When the long‑term outcomes were assessed in a meta‑analysis of 24 articles with 3758 patients, it was found that only intravenous prostacyclin has a proven survival benefit, particularly in patients with severe disease. PDE‑5 inhibitors did not improve mortality. However, there are several limitations to this study including a relatively small sample size and short‑time follow‑up.[45]

Thus, irrespective of the proved efficacy of PDE‑5 inhibitors in improving hemodynamic parameters as well as functional capacity and exercise tolerance in PAH, the long‑term mortality and duration of survival improvement are uncertain and require further research.

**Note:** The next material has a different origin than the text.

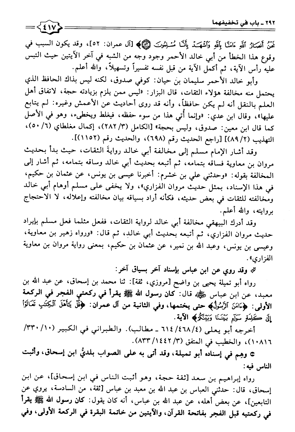 رواه إبراهيم بن سعد [ثقة حجة، وهو أثبت الناس في ابن إسحاق]، عن ابن إسحاق، قال: حدثني العباس بن عبد الله بن معبد بن عباس [ثقة، من السادسة، يروي عن التابعين]، عن بعض أهله، عن عبد الله بن عباس، أنه كان يقول: كان رسول الله - صلى الله عليه وسلم - يقرأ في ركعتيه قبل الفجر بفاتحة القرآن، والآيتين من خاتمة البقرة في الركعة الأولى، وفي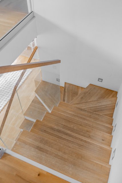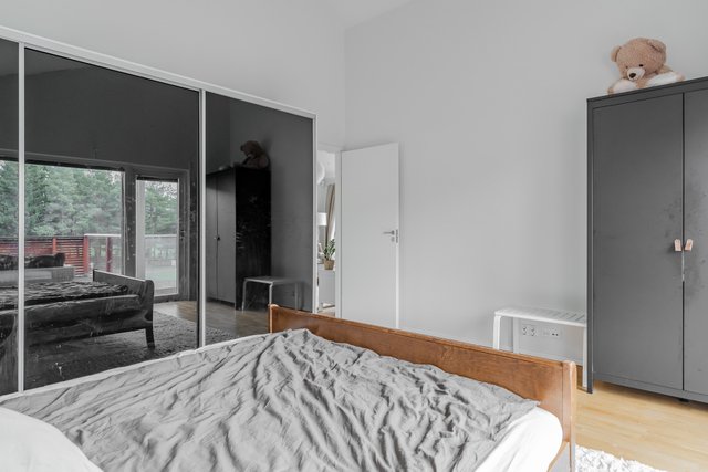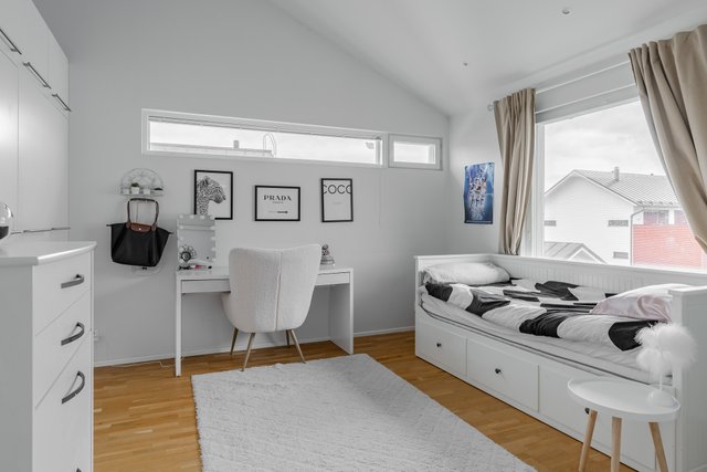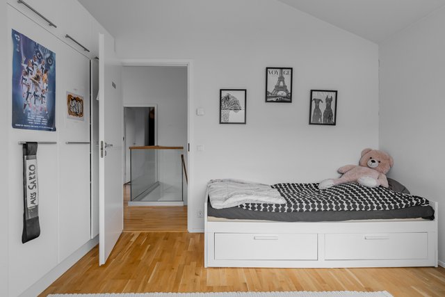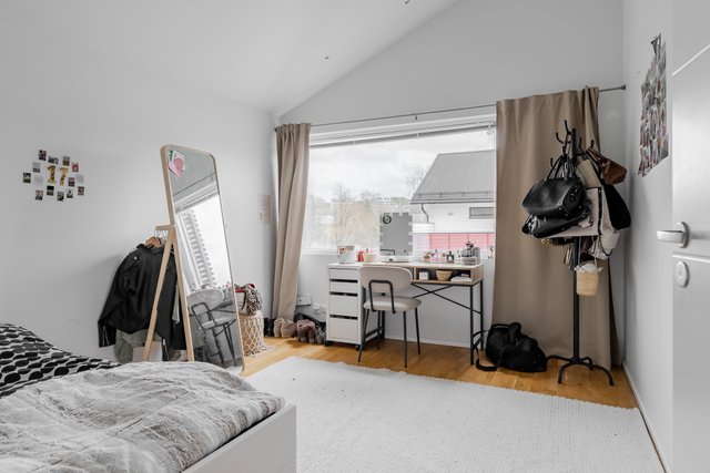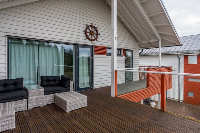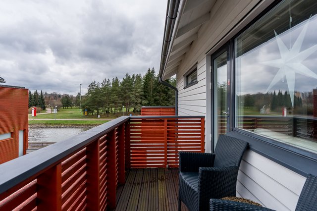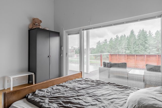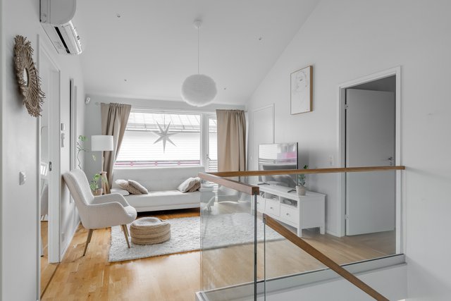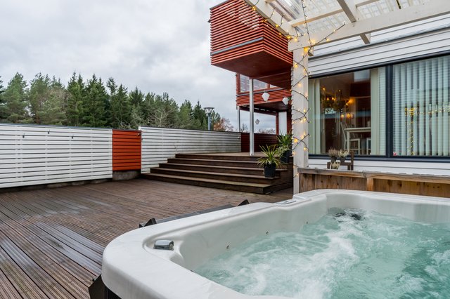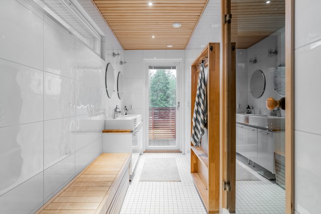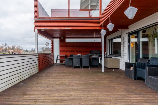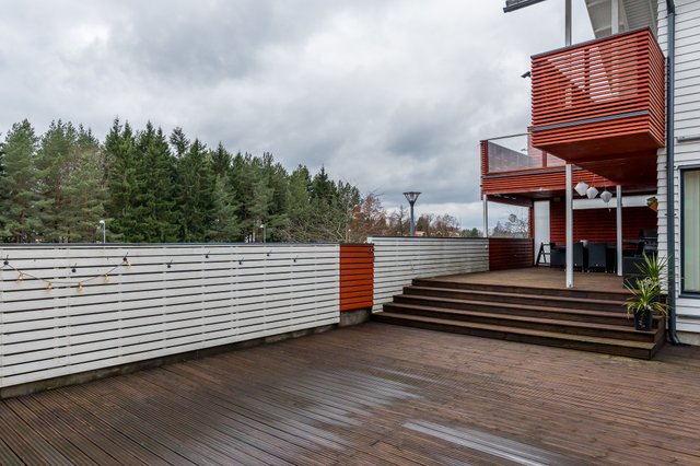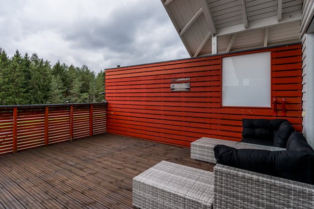 Talossa on neljä makuuhuonetta ja toimiva pohjaratkaisu kahdessa tasossa. Yläkerrassa sijaitsevat kolme makuuhuonetta, 2 kylpyhuonetta, sauna, pukuhuone, TV-olohuone sekä kaksi parveketta. Parvekkeille on käynti sekä päämakuuhuoneesta että pukuhuoneesta. Esteettömät puisto- ja sunttinäkymät avautuvat etelään, ja aurinko kiertää taloa käytännössä koko päivän.

The discovery of the mechanisms responsible for NO actions provided the humanity with many clues for understanding normal physiological functions and the treatment of many diseases. There is no doubt that the discovery of PDE‑5 inhibitors is a milestone in innovation and drug discovery. The list of the medical indications of this group is expanding and we would expect greater advances in this respect. The discovery of long‑acting PDE‑5 inhibitors such as tadalafil and the daily dose regimen has undoubtedly proven to be highly effective in the management of ED from a variety of causes. The use of PDE‑5 inhibitors seems to provide better choice for the treatment of BPH as other drugs used for this condition such as α1 blockers and/or 5‑alphaRIs have been associated with sexual dysfunctions and ejaculatory disorders. However, the combined use of PDE‑5 inhibitors and α1 blockers resulted in additive favorable effects compared with PDE‑5 inhibitors monotherapy. Irrespective of the proved efficacy of PDE‑5 inhibitors in improving hemodynamic parameters as well as functional capacity and exercise tolerance in PAH, the long‑term mortality and duration of survival improvement are uncertain and require further research. Theoretically, PDE‑5 inhibitors would provide many beneficial effects through their anti‑hypertrophic effect on cardiac muscles and anti‑thrombotic effect, thus protecting cardiac functions. However, many clinical trials are underway evaluating the effectiveness of PDE inhibitors in different sets of cardiac diseases.